Loretto is a historic home located at Wytheville, Wythe County, Virginia.

History 
Loretto, just north of the historic downtown Wytheville, was originally built in 1852 for William Alexander Stuart, brother of General J.E.B. Stuart. Virginia Governor Henry Carter Stuart (1914-1918), William's son, may have been born in the house. Loretto's second owner, Benjamin Rush Floyd, was a state senator and son of another Virginia governor, John Floyd (1830-1834). As residents, Benjamin and his wife Nancy named the property after the Loreto Shrine in Italy.
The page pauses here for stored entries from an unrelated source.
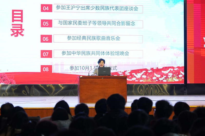 活动特别邀请到全国民族团结进步模范个人、全国三八红旗手、辽宁省劳动模范、辽宁道光廿五集团董事长张慧走进校园,与学生们进行面对面的交流互动。张慧以《铸牢中华民族共同体意识》为主题,将企业家精神与民族共同体理念紧密结合,从责任、担当、团结三个维度展开分享。她讲述了参加全国民族团结进步表彰系列活动以及庆祝中华人民共和国成立75周年系列活动的深刻感悟,把现场聆听习近平总书记重要讲话的珍贵体会传递给现场的师生们,激励同学们牢记自己“中国人”身份,勇担“新时代”使命。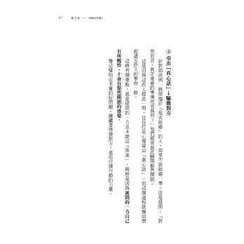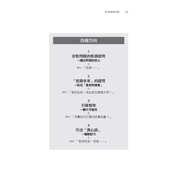 透過這種緊迫盯人方式的提問,不僅能深入核心,也能釐清自己想做的事以及應該前進的方向。作者也不忘提醒大家,提問不同於寫作,無須講求起承轉合,而必須簡短有力,並且對各種人事物抱持深入的洞察,方能貼近問題的本質。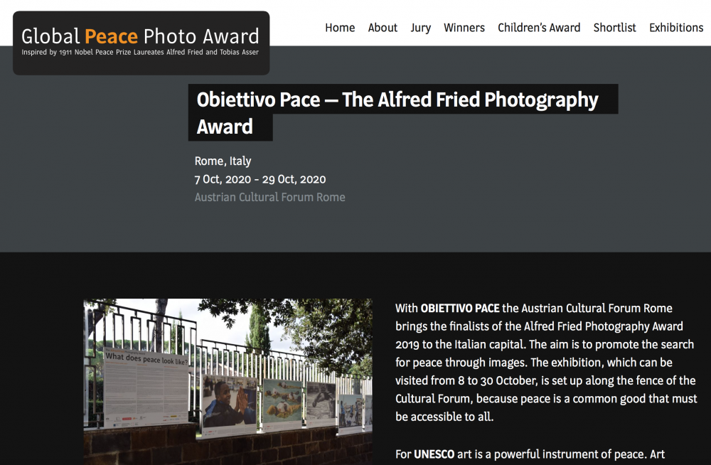 With OBIETTIVO PACE the Austrian Cultural Forum Rome brings the finalists of the Alfred Fried Photography Award 2019 to the Italian capital. The aim is to promote the search for peace through images. The exhibition, which can be visited from 8 to 30 October, is set up along the fence of the Cultural Forum, because peace is a common good that must be accessible to all.

Loretto's size doubled in the late nineteenth century. Robert Crockett, Loretto's fourth owner, Victorianized the building with a third floor and slate mansard roof. The Campbell family lived in the mansion from 1888 to 1992 and during that time added a grand spindlework stair railing of the Second-Empire style (1889), a Doric portico on the front facade (1911), and a porte cohere and pergola on the side elevations of the home (1927).

Structure 
The original section, built in 1852, is a two-story, single-pile, center-passage-plan dwelling that now forms the rear section of the house. The two-story brick front section was added in the 1880s, and has a mansard roof in the Second Empire style. The interior has Greek Revival style decorative details. A two-story front portico was added in 1911, a one-story rear brick ell was added in 1912, and a porte-cochère and pergola were added in 1927. Also on the property are the contributing log smokehouse (1850s), a double-pen, v-notched outdoor kitchen (1852), and a frame building known as the office.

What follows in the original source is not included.